- RECORDS FOR THE EXERCISE
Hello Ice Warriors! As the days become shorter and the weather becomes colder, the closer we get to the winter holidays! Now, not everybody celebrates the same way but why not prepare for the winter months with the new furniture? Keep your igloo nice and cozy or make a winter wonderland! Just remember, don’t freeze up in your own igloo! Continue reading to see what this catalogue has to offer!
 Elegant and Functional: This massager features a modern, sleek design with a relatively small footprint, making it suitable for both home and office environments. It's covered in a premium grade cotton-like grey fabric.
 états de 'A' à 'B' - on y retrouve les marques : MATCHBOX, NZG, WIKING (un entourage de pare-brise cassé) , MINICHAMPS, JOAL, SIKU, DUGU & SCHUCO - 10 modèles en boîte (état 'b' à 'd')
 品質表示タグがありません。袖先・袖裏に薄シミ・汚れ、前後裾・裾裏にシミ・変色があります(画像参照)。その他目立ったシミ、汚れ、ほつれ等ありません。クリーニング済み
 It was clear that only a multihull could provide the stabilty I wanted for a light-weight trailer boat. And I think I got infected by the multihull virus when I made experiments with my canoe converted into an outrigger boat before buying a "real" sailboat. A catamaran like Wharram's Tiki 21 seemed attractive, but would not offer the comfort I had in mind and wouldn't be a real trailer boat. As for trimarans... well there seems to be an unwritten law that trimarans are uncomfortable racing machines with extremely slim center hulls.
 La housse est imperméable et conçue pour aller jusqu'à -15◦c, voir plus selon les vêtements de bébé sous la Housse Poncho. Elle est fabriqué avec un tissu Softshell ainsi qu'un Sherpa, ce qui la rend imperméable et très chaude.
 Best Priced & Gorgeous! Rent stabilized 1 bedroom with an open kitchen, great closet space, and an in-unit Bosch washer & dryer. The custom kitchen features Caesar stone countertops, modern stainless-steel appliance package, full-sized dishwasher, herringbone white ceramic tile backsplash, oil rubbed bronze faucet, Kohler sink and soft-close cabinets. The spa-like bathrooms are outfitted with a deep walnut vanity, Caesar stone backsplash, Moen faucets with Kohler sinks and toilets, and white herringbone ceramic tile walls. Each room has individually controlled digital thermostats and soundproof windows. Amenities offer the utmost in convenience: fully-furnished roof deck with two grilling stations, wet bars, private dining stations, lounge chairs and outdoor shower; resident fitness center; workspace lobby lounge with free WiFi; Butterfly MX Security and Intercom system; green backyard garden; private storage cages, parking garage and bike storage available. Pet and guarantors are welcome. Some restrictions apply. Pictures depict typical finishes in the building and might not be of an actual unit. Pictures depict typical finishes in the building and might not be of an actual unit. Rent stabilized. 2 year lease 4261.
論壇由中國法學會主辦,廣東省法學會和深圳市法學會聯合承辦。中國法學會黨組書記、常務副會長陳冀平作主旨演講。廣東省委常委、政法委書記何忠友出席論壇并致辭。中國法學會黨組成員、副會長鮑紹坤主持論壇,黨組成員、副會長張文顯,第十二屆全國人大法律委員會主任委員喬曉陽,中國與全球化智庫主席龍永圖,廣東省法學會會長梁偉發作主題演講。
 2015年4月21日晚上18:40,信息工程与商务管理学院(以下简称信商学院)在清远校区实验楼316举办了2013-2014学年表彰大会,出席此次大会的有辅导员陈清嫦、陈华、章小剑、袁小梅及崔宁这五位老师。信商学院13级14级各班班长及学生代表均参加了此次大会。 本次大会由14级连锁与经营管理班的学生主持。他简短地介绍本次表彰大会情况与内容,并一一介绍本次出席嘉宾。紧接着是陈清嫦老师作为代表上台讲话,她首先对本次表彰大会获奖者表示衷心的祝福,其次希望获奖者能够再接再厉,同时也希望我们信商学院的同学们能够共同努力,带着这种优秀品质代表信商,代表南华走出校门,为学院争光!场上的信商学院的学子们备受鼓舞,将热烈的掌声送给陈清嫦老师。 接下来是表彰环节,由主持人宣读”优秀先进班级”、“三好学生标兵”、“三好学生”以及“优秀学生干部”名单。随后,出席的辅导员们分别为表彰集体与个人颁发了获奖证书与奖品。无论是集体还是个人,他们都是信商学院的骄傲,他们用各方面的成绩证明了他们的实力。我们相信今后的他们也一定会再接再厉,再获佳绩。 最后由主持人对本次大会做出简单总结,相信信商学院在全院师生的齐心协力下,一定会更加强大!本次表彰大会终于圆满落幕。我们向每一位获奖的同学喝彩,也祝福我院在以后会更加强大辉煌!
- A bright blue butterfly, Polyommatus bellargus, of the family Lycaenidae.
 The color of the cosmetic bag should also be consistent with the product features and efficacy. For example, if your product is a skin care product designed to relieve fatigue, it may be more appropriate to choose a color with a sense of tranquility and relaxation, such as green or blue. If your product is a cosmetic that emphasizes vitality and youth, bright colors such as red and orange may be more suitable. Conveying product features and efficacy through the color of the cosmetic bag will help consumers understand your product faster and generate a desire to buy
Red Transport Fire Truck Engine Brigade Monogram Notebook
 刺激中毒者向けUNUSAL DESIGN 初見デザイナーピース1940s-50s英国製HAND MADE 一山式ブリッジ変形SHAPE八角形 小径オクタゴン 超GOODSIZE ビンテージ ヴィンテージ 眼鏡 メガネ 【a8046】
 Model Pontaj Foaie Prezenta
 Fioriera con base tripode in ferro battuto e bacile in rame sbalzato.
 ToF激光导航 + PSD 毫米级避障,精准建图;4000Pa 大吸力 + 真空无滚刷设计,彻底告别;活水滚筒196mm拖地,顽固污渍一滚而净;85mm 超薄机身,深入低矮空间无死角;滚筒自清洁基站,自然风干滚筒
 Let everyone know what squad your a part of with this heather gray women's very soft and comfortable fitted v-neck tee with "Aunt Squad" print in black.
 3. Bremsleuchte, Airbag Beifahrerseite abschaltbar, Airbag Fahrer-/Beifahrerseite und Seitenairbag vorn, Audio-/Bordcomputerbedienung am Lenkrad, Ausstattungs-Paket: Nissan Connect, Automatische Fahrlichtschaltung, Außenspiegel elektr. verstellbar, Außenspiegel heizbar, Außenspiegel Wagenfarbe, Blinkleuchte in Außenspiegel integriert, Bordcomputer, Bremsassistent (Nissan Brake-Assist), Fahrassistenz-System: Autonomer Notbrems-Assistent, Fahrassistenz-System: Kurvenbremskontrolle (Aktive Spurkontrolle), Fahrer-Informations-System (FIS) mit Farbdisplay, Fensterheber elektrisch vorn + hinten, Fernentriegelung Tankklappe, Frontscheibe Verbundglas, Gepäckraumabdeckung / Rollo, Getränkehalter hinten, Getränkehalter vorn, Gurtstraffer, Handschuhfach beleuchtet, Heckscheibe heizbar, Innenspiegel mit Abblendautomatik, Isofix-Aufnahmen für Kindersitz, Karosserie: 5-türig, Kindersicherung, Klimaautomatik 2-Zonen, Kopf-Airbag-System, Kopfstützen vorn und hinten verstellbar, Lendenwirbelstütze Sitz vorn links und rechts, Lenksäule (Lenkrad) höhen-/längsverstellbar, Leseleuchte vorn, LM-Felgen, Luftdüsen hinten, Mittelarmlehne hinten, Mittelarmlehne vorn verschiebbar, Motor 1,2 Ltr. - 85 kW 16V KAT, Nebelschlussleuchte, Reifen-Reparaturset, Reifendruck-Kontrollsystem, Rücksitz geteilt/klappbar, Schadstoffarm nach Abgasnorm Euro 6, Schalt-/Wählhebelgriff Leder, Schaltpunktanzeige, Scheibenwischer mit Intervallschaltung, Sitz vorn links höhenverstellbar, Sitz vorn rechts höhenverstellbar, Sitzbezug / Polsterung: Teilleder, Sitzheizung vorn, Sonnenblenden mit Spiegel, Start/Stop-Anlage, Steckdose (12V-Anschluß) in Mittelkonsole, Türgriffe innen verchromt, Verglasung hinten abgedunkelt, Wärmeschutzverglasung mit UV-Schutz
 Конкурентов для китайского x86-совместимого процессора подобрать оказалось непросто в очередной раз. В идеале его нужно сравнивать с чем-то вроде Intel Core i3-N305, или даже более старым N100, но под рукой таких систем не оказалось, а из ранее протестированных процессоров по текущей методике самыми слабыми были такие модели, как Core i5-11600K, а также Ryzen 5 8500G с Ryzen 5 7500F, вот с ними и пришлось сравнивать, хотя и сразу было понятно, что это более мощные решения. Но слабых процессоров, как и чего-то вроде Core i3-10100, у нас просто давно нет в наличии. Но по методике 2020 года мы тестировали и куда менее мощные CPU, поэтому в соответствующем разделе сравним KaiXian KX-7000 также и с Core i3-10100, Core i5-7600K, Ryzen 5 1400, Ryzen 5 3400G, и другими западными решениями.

- EXERCISE DESCRIPTION
Find "Red Transport Fire" in the entries above and copy that whole line exactly, then each line after it through the line that contains "Let everyone know".

- TASK RESULT
Red Transport Fire Truck Engine Brigade Monogram Notebook
 刺激中毒者向けUNUSAL DESIGN 初見デザイナーピース1940s-50s英国製HAND MADE 一山式ブリッジ変形SHAPE八角形 小径オクタゴン 超GOODSIZE ビンテージ ヴィンテージ 眼鏡 メガネ 【a8046】
 Model Pontaj Foaie Prezenta
 Fioriera con base tripode in ferro battuto e bacile in rame sbalzato.
 ToF激光导航 + PSD 毫米级避障,精准建图;4000Pa 大吸力 + 真空无滚刷设计,彻底告别;活水滚筒196mm拖地,顽固污渍一滚而净;85mm 超薄机身,深入低矮空间无死角;滚筒自清洁基站,自然风干滚筒
 Let everyone know what squad your a part of with this heather gray women's very soft and comfortable fitted v-neck tee with "Aunt Squad" print in black.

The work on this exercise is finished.